#### Assigned task
Copy task, pictures excluded: set down exactly the lines from the one containing "Часы детские электронные, водонепроницасветильник, 50" to the end of the data below.

#### Source material
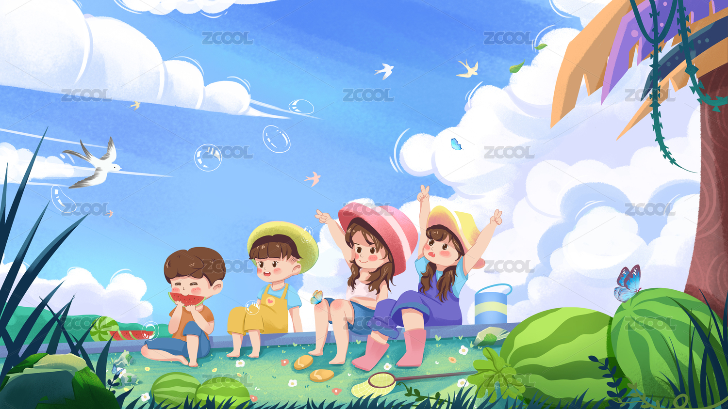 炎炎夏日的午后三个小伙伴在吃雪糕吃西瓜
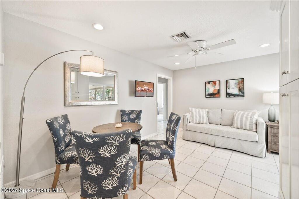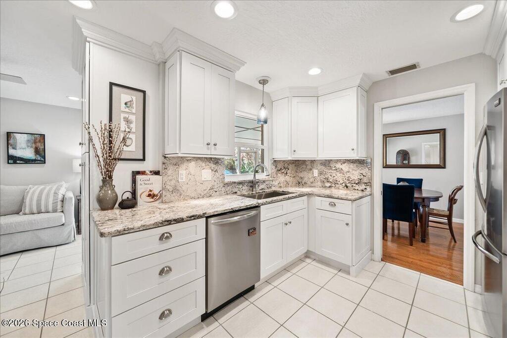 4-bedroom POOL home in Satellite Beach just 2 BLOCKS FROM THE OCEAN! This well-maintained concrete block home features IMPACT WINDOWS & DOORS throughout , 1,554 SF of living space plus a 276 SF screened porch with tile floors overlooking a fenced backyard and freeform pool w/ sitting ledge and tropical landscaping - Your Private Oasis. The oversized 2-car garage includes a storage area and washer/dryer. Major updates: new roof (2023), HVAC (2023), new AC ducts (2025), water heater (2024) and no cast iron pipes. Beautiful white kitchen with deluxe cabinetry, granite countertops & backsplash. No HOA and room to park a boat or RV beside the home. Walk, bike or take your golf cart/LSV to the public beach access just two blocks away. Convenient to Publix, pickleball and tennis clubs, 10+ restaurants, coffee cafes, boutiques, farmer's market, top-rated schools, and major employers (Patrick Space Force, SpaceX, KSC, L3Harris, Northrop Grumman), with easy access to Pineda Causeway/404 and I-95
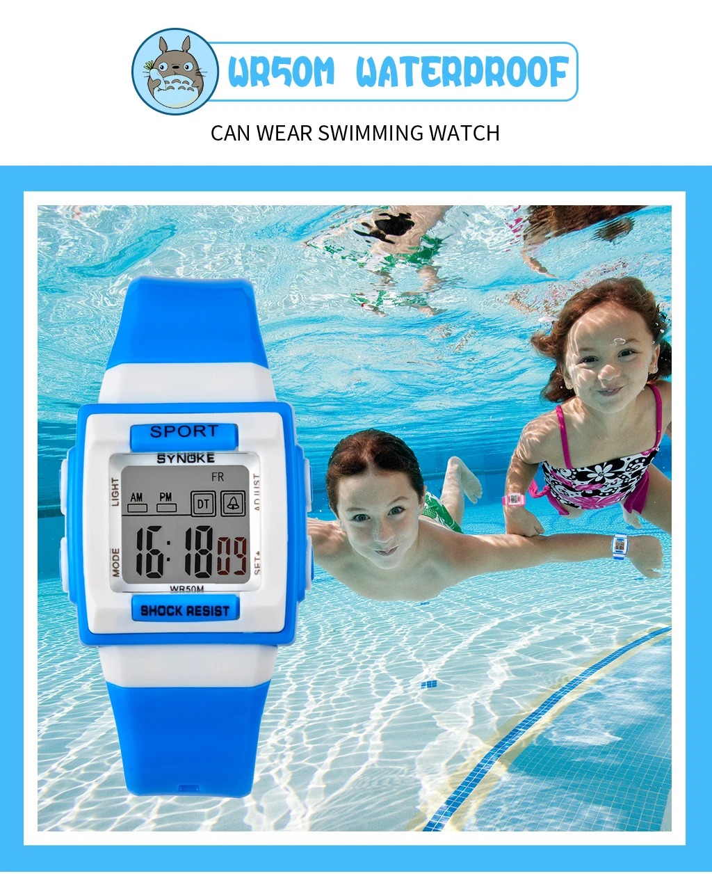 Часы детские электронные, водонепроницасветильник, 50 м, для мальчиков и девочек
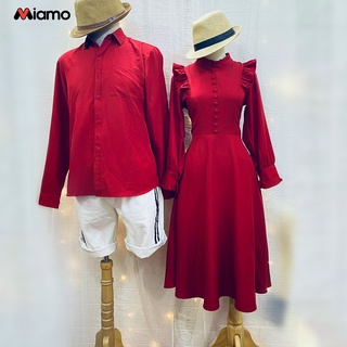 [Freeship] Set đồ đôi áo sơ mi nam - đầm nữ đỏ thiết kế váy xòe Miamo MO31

#### Solution
 Часы детские электронные, водонепроницасветильник, 50 м, для мальчиков и девочек
 [Freeship] Set đồ đôi áo sơ mi nam - đầm nữ đỏ thiết kế váy xòe Miamo MO31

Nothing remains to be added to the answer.